Abstract
Survival from pancreatic neuroendocrine tumors has not improved over the past two decades and, until recently, streptozocin was the last therapeutic agent approved for this malignancy. Everolimus blocks mTOR, which plays an integral role in cell growth, mitosis and angiogenesis. Abnormal PI3K–Akt/PKB–mTOR pathway signaling has been implicated in the pathogenesis of pancreatic neuroendocrine tumors. In a Phase III study, patients with low- and intermediate-grade advanced pancreatic neuroendocrine tumors were randomized to receive everolimus 10 mg/day or placebo. Median progression-free survival was significantly greater in patients treated with everolimus than placebo – 11 versus 4.6 months – and drug-related adverse events were consistent with the known side-effect profile of everolimus. Everolimus represents a significant treatment development for pancreatic neuroendocrine tumors.

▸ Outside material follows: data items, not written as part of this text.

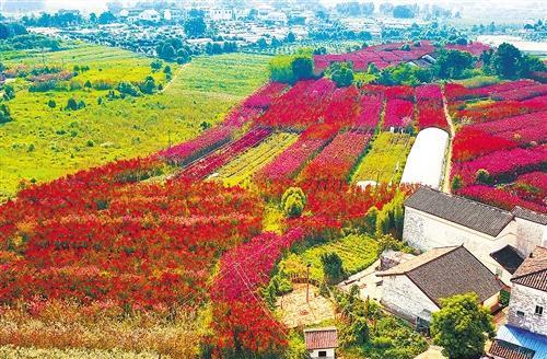 四川省广安市前锋区观塘镇八里村色彩斑斓的紫薇花田把周边的民居映衬得格外美丽。近年来,八里村坚持发展绿色生态农业,引进业主相继建起无污染蔬菜大棚、精品蔬菜基地和名贵花木培植基地,既壮大了村集体经济,增加了村民土地出租和务工收入,又美化了生产生活环境,扮靓了乡村。
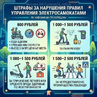 🛴 В Мособлдуме сообщили о штрафах за нарушения правил управления электросамокатами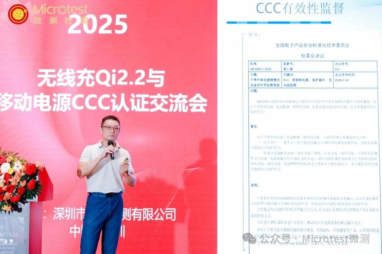 2025年6月6日,由微測檢測聯合東莞質檢中心、充電頭網、紫光鑒權及印度GRL共同主辦的《無線充Qi2.2與移動電源CCC認證交流會》成功召開。本次盛會匯聚了200余家行業領軍企業代表,通過市場趨勢分析、技術標準解讀、GRL現場設備實操演示及專屬認證優惠計劃發布等多元環節,為與會者呈現了一場高規格、高價值的行業交流盛宴,現場反響熱烈,參會企業均表示獲益良多。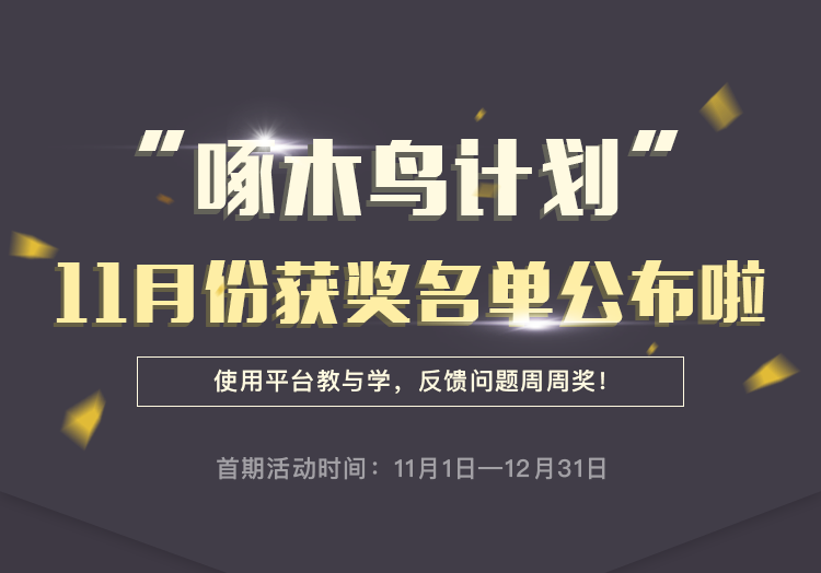 产教融合“啄木鸟计划”活动已经上线一个多月啦,根据活动规则,小编汇总了11月份最后两周的意见采纳情况,同时本次将发布11月份获奖名单,小伙伴们是不是很期待呢,赶紧来围观吧~

Financial & competing interests disclosure
The authors have no relevant affiliations or financial involvement with any organization or entity with a financial interest in or financial conflict with the subject matter or materials discussed in the manuscript. This includes employment, consultancies, honoraria, stock ownership or options, expert testimony, grants or patents received or pending, or royalties.
No writing assistance was utilized in the production of this manuscript.